[Items from a dataset]
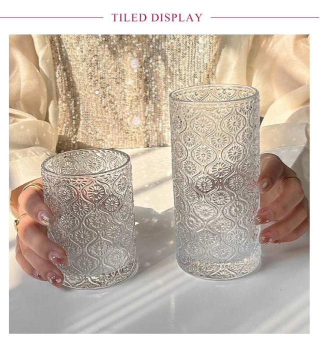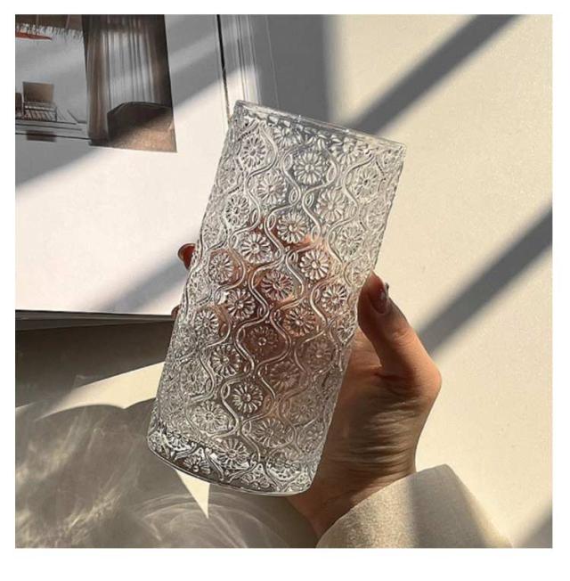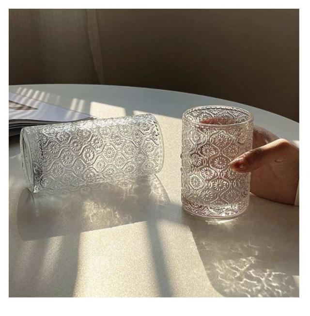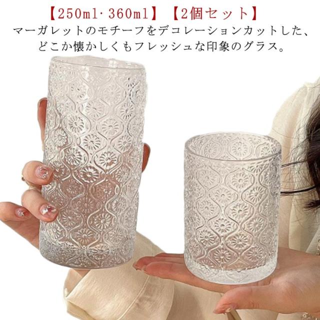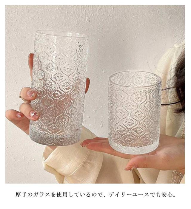 レトロ クリア コップ コーヒー タンブラー ミルク 250ml マーガレット 総柄 ヴィンテージ 大きめ ロックグラス グラス ガラス ガラスカップ ガラスコップ 2個セット 360ml 麦茶 冷茶 透明 ドリング 北欧 おしゃれ ガラス 酒器 ウィスキー
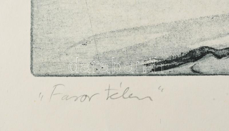Kéri Imre (1945- ): Tél, rézkarc, papír, jelzett, számozott (3/100), lapszéli apró elszíneződésekkel, 20×40 cm
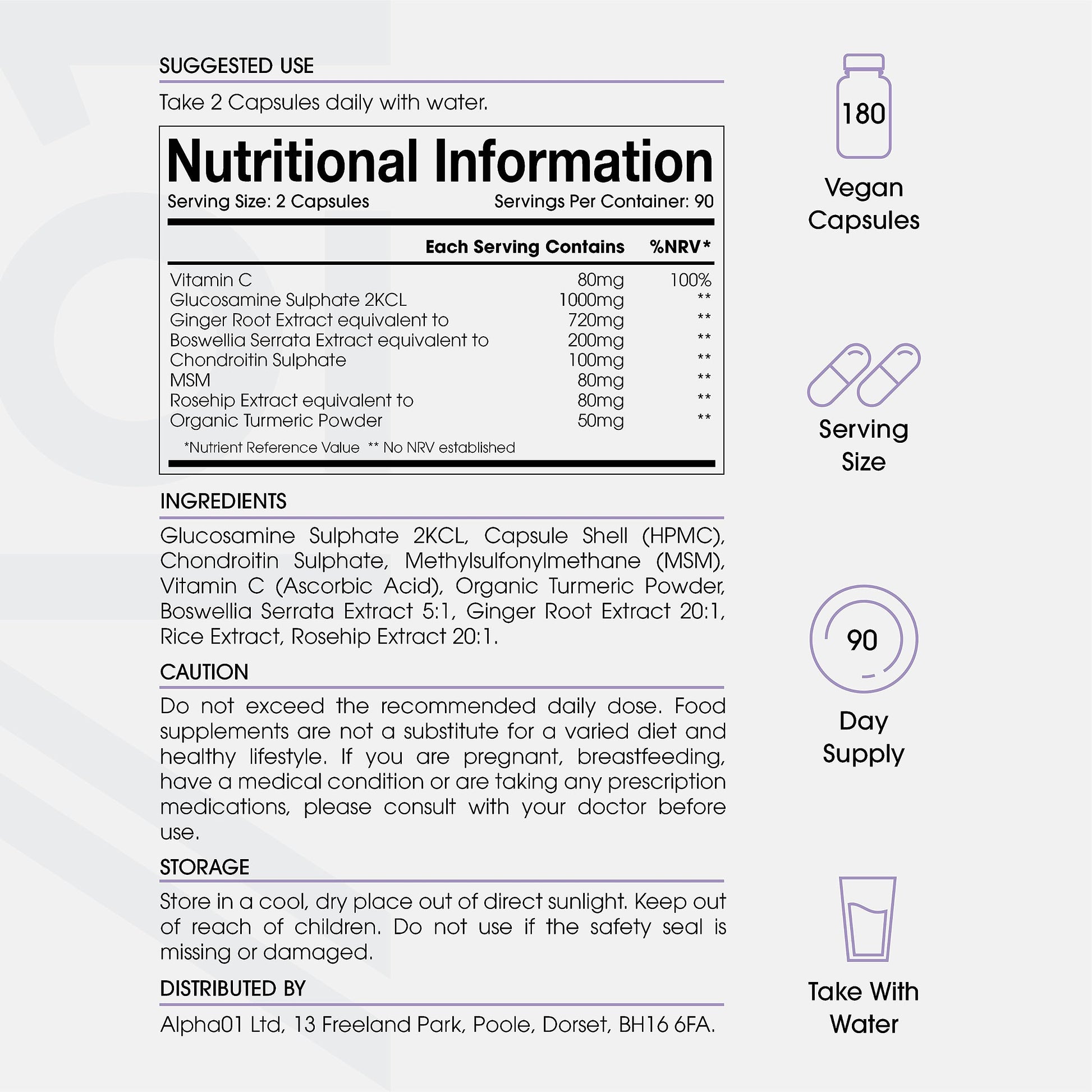 This product contains 700mg of Glucosamine & 140 Chondroitin, we also added MSM, Boswellia, Vitamin C, Rosehip, Ginger & Turmeric for a synergistic effect. Always fair trade and non-GMO, this supplement is made from premium ingredients sourced in Europe and meets all food safety requirements.More Info
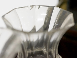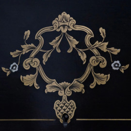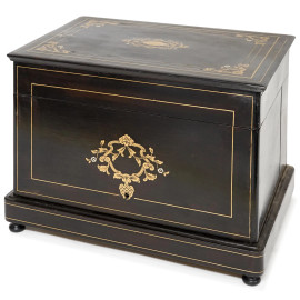 Scatola porta liquori in legno ebanizzato con decori dorati, contenente 12 bicchierini e 4 bottiglie in cristallo, dimensioni scatola cm 25x23x32,5 (difetti)
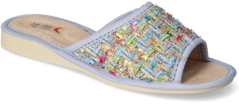 Kapcie Wójciak to idealny wybór dla osób, które pragną cieszyć się wygodą i modnym wyglądem w swoim domu. Wykonane z wysokiej jakości materiału tekstylnego, te kapcie są lekkie i przewiewne, co zapewnia komfort noszenia przez cały dzień. Kolorowy wzór i estetyczne wykończenie sprawiają, że kapcie te doskonale komponują się z różnorodnymi stylizacjami.Dodatkowo, kapcie Wójciak posiadają skórzaną wkładkę, która dba o zdrowie stóp, zapewniając im odpowiednie wsparcie. Dzięki ergonomicznej konstrukcji, kapcie te minimalizują zmęczenie stóp, co czyni je doskonałym wyborem na długie godziny spędzone w ruchu. Praktyczny design z otwartym przodem ułatwia zakładanie i zdejmowanie, co czyni je idealnym obuwiem do codziennego użytku.Wybierając kapcie Wójciak, inwestujesz w wysoką jakość i styl, które sprawią, że poczujesz się komfortowo w swoim domowym zaciszu. To obuwie, które łączy w sobie funkcjonalność oraz estetykę, idealne na każdą porę roku.

__Problem description__:
The expected output is every entry above, character for character, with no pictures.

__Final answer__:
 レトロ クリア コップ コーヒー タンブラー ミルク 250ml マーガレット 総柄 ヴィンテージ 大きめ ロックグラス グラス ガラス ガラスカップ ガラスコップ 2個セット 360ml 麦茶 冷茶 透明 ドリング 北欧 おしゃれ ガラス 酒器 ウィスキー
Kéri Imre (1945- ): Tél, rézkarc, papír, jelzett, számozott (3/100), lapszéli apró elszíneződésekkel, 20×40 cm
 This product contains 700mg of Glucosamine & 140 Chondroitin, we also added MSM, Boswellia, Vitamin C, Rosehip, Ginger & Turmeric for a synergistic effect. Always fair trade and non-GMO, this supplement is made from premium ingredients sourced in Europe and meets all food safety requirements.More Info
 Scatola porta liquori in legno ebanizzato con decori dorati, contenente 12 bicchierini e 4 bottiglie in cristallo, dimensioni scatola cm 25x23x32,5 (difetti)
 Kapcie Wójciak to idealny wybór dla osób, które pragną cieszyć się wygodą i modnym wyglądem w swoim domu. Wykonane z wysokiej jakości materiału tekstylnego, te kapcie są lekkie i przewiewne, co zapewnia komfort noszenia przez cały dzień. Kolorowy wzór i estetyczne wykończenie sprawiają, że kapcie te doskonale komponują się z różnorodnymi stylizacjami.Dodatkowo, kapcie Wójciak posiadają skórzaną wkładkę, która dba o zdrowie stóp, zapewniając im odpowiednie wsparcie. Dzięki ergonomicznej konstrukcji, kapcie te minimalizują zmęczenie stóp, co czyni je doskonałym wyborem na długie godziny spędzone w ruchu. Praktyczny design z otwartym przodem ułatwia zakładanie i zdejmowanie, co czyni je idealnym obuwiem do codziennego użytku.Wybierając kapcie Wójciak, inwestujesz w wysoką jakość i styl, które sprawią, że poczujesz się komfortowo w swoim domowym zaciszu. To obuwie, które łączy w sobie funkcjonalność oraz estetykę, idealne na każdą porę roku.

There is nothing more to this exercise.